The job of the foundation is to help raise money for the school and it wants to use Oakland to help achieve that goal, Law said.

”That is wide open right now,” he said. ”We haven’t fine-tuned that yet.

”We want to use it to draw back some of the alumni to the school where they got their education and have functions here for them. A lot of that is still under discussion,” Law said.

The gift includes the home’s furniture, much of which is from the 1800s built from trees that originally stood on the grounds.

”It is our intent that everything that is here we are going to preserve,” Law said.

They are undergoing a process to evaluate what is in the home, he said. Agreements are in place and being made to ensure the long-term preservation of historical items in the home, Law said.

Officials are not releasing an assessed value of the home and grounds.

There are opportunities for academic work at the site, including history, economics and business, said Senta Goudy, executive director of the West Virginia University at Parkersburg Foundation and vice president for institutional advancement.

”Stephenson was a major pioneer here,” she said. ”He was an economic driver for the region. The connection to the community is very strong.”

The foundation will be seeking grants, gifts and other resources to benefit the development of the Oakland mansion and grounds as a major component of a busy and thriving college while preserving the history of West Virginia and the Mid-Ohio Valley, officials said.

”There is just so much potential here,” Goudy said. ”We are not closing the door on anything.”

Goudy said activities and tours are coming up in the near future to highlight the property.

The building and grounds are as much a part of the area’s history as anything and the college wants to preserve that, officials said.

”Our vision for WVU-P is that it be recognized for academic excellence and its relationship with the community,” said Fletcher Lamkin, WVU-P president, in a prepared statement. ”Oakland, which is on the National Register of Historic Places, provides us with a great opportunity for enhancing our business, history and other academic programs while giving students and alumni a wonderful place to meet and experience a truly one-of-a-kind place.”

WVU-P recently sold parts of its Downtown Center on Market Street after the site could not generate the student interest in programs offered there. That building had been donated to the college and renovated.

Goudy said the foundation and the university are two distinct organizations and the properties were different.

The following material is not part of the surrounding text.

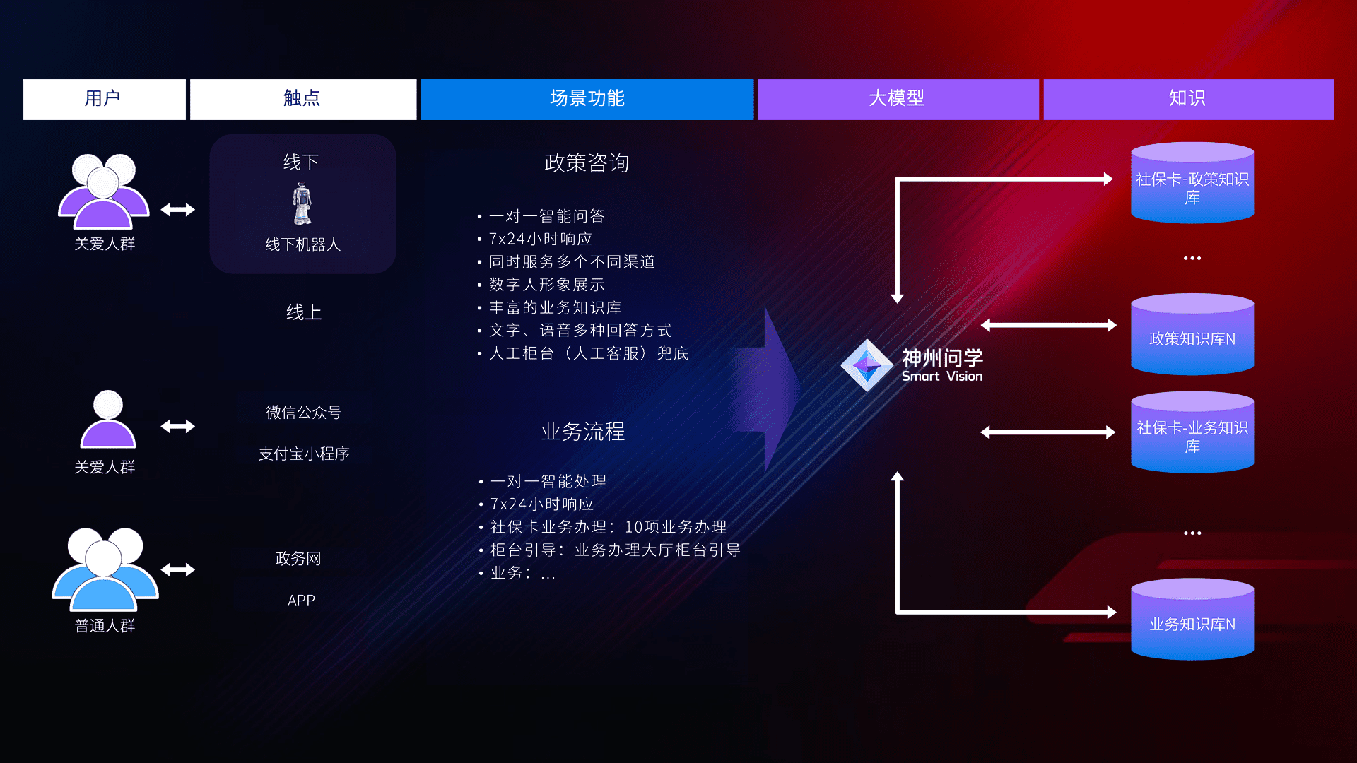 • 线上线下全覆盖:线上提供微信公众号、、支付宝小程序、、、、政务网、、、、app多种渠道,,与线下机器人形成完整服务体系。。

”They are two separate things,” she said. ”(Oakland) is a gift to the foundation.

”The sole purpose of the foundation is to benefit the mission of the college. This has the purpose of supporting our alumni and our academics in broad terms. This is such an asset for the community and we are going to look to the community to help us support it,” Goudy said.

The Downtown Center was developed purely for academic purposes and at the time, the school had a large student enrollment, Goudy said. The development of Oakland is not dependent only on student enrollment. It can also accommodate activities with far more community reach in the area, she said.

”It is that broader use,” she said.

Lutz is the last of his family who would be living in the Parkersburg area, he said.

”Something had to be done with the house,” he said.

He has had offers to buy the property, but most of those plans involved tearing the house down and he did not want that.

”I began looking at other avenues on what I could do with it,” he said.

That led him to the foundation.

The deal worked out allowed for the preservation of the house while making needed updates and repairs, Lutz said.

”Parkersburg has a long, rich history and has been a great place to live for my family since the 1790s,” he said. ”I am happy to give something back to the community.

”It has been here for 183 years. West Virginia University at Parkersburg and its foundation will be a good steward of the property and will make use of it that will benefit both the school and the community,” Lutz said.